Postural control and attentional demand during adolescence

Estelle Palluel, Vincent Nougier, Isabelle Olivier
Brain Research 2010 October 28, 1358: 151-9
In the present study we aimed to determine the attentional cost of postural control during adolescence by studying the influence of a cognitive task on concurrent postural control. 38 teenagers aged 12 to 17years and 13 young adults (mean age=26.1) stood barefoot on a force platform in a semi-tandem position. A dual-task paradigm consisted of performing a Stroop or a COUNTING BACKWARD task while simultaneously standing quietly on a firm or foam support surface. Different centre of pressure (CoP) measures were calculated (90% confidence ellipse area, mean velocity, root mean square on the antero-posterior (AP) and medio-lateral (ML) axes). The number and percentage of correct responses in the cognitive tasks were also recorded. Our results indicate (1) higher values of surface, ML mean velocity and ML RMS in the COUNTING BACKWARD task in adolescents aged 12 to 15 than in teenagers aged 16 to 17 and in adults, regardless of the complexity of the postural task and, (2) better cognitive performances in the Stroop than in the COUNTING BACKWARD task.

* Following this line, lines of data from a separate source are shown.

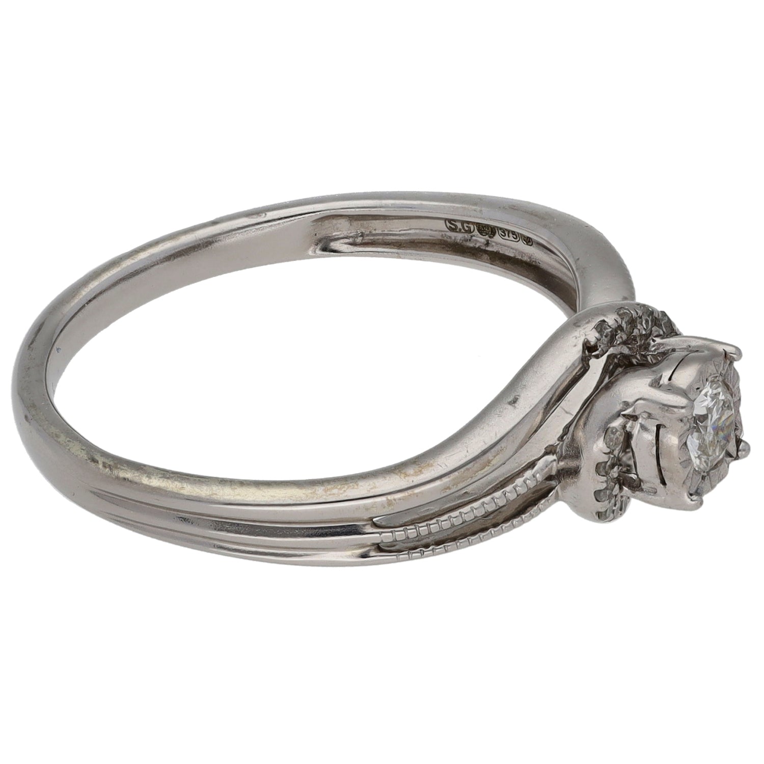 9ct White Gold 0.15ct Diamond Solitaire Ring With Accent Stones Size M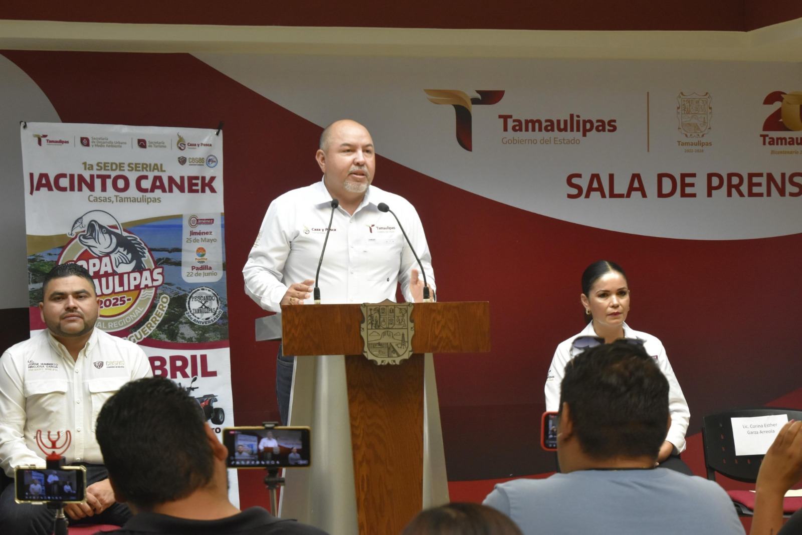 Ciudad Victoria, Tamaulipas.- Con el objetivo de fortalecer el turismo deportivo y promover la convivencia familiar en entornos naturales, la Comisión de Caza y Pesca Deportiva de Tamaulipas presentó el Serial Regional 2025, una iniciativa que reunirá a los municipios de Casas, Jiménez y Padilla en torno a la pesca deportiva en la presa Vicente Guerrero.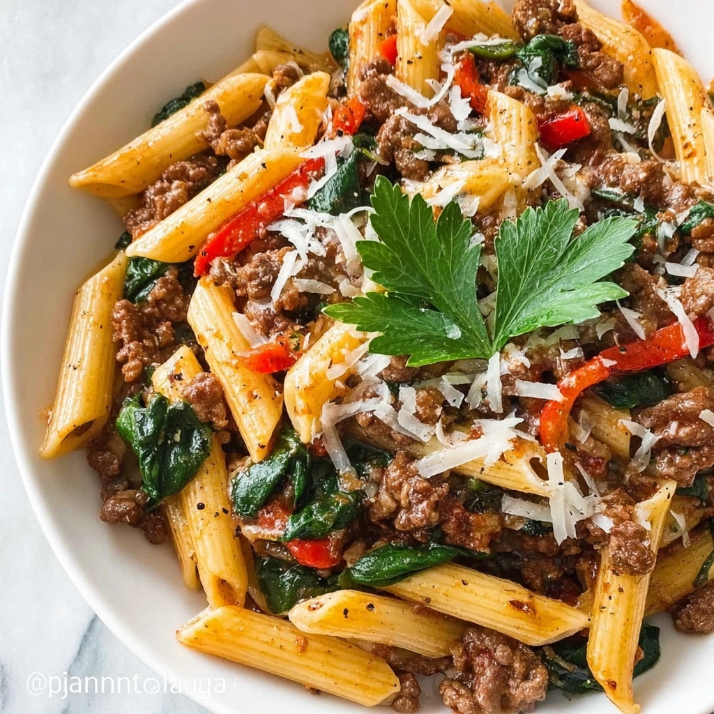 If you are looking for a comforting and satisfying meal that packs a serious protein punch, this High Protein Creamy Beef Pasta Recipe is exactly what your dinner table needs. It marries the hearty richness of lean ground beef with the silky creaminess of low-fat cream cheese and Greek yogurt, all tossed with whole wheat pasta for a wholesome bite. Every forkful delivers a delightful mix of textures and flavors — from tender pasta strands to savory beef, bright bell pepper, and fresh spinach — making this dish a true all-in-one dinner sensation that will keep you energized and totally satisfied.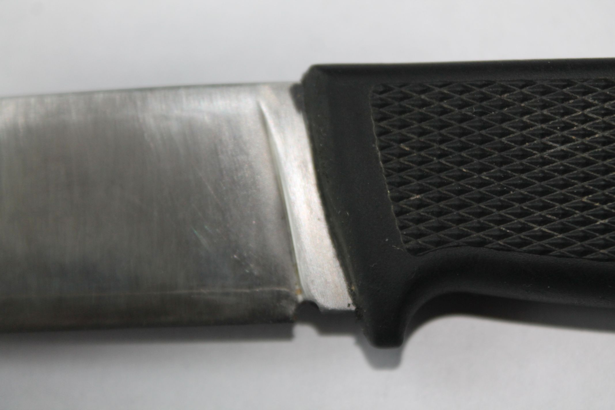 в минусе, клеймо уходит в нети (мы же точим всю поверхность клинка, весь спуск). равно как и чорное тактицкое покрытие (кстати следы коего еще можно обнаружить на продаваемом ноже),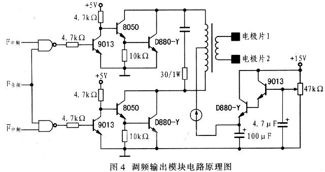调频输出模块电路原理图如图4所示。音频信号F音频分别与中频信号F中频和中频相调制,产生两个相位相反的调制波形,再经9013、8050、D880Y放大后送至变压器的两个输入端。变压器中间抽头电压可通过毫安表所接的剂量调节电路进行调整。47 kΩ电位器即剂量调节电位器,向下调则毫安表指示的电流变小,反之变大。变压器隔离输出电压变化与输入电压同步变化。输出电压经电极片与人体接触,在人体内产生感知电流。根据理疗部位的不同以及皮肤的干湿程度不同,人体的感知电流也不一样。理疗时需要调整电位器,使理疗者感觉舒适即可。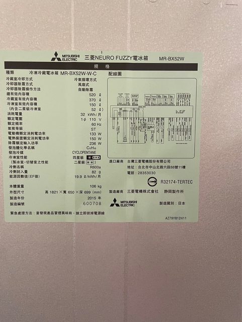 [交易] 三菱五門電冰箱 MR-BX52W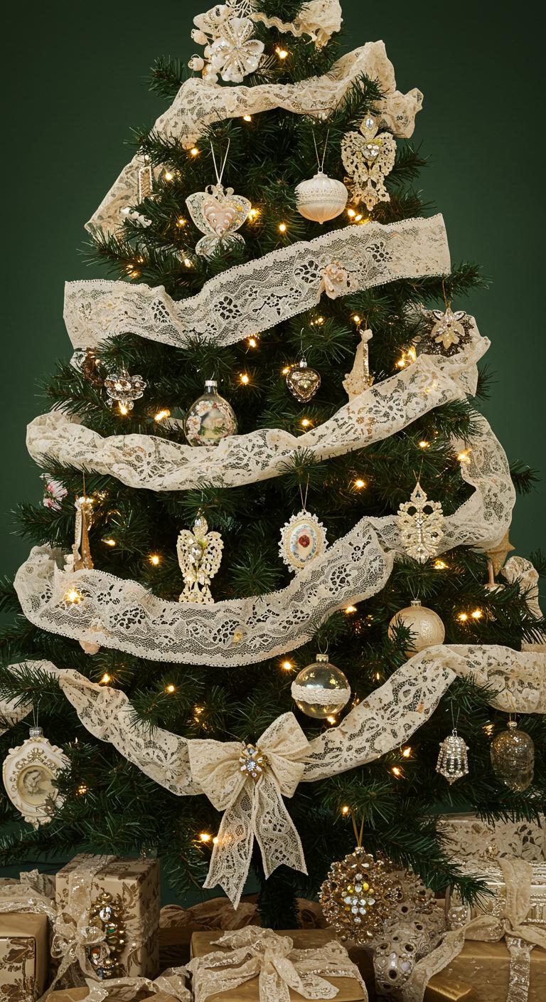Adorn your tree with vintage lace and lace trimmings, intertwining delicate embellishments and intricate patterns.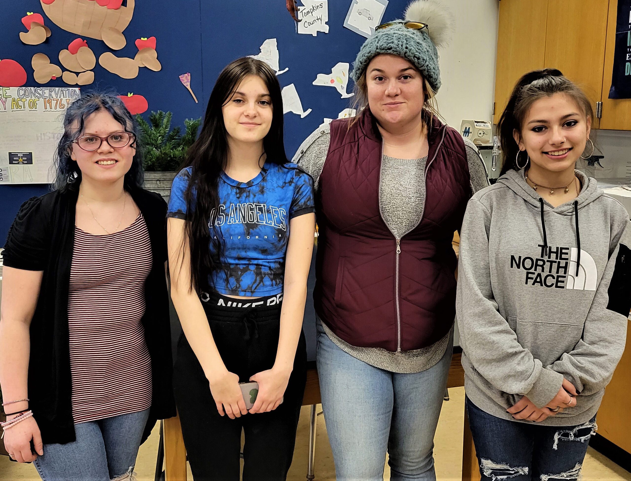 : Chelsey Mahany, Groton Jr./Sr. High School’s agriculture teacher and Future Farmers of America (FFA) advisor in her classroom with some of her ag students. Left to right: Courtney Felko (grade 11), Savanna Dixson (grade 11), Chelsey Mahany, Erica Miranda (grade 8). Photo by Linda M. Competillo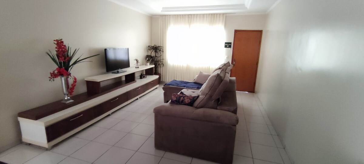 Casa ubicada a 5 minutos del ganado y a 200 metros del anillo de carretera - SALIDA A GOIÂNIA , TECNOSHOW Y MONTIVIDIU. Habitación 1 cama doble, televisión y aire acondicionado. Habitación 2 cama doble, litera y aire acondicionado. Habitación con sofá cama para 02 personas y aire acondicionado y TV de 75pulgadas ¡Garaje para 02 autos con enchufe 20a para autos eléctricos!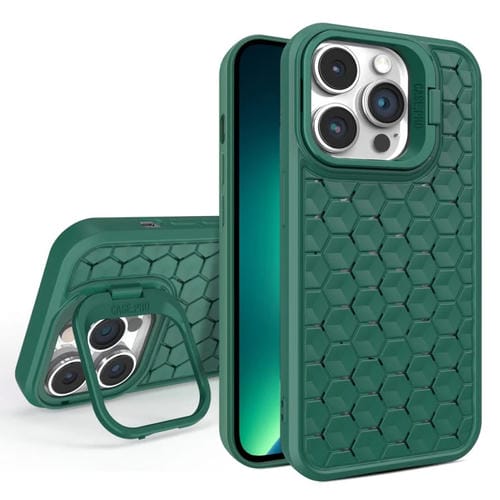 Funda magnética para teléfono iPhone 13 Pro Max Honeycomb Radiating Lens Holder (Verde)

The difference in the dual-task performance between the different age groups and particularly the existence of a turning point around 14-15years of age might be due to 1) difficulties in properly allocating attentional resources to two simultaneous tasks and/or, 2) the inability to manage increased cognitive requests because of a limited information processing capacity in adolescents aged 14-15years.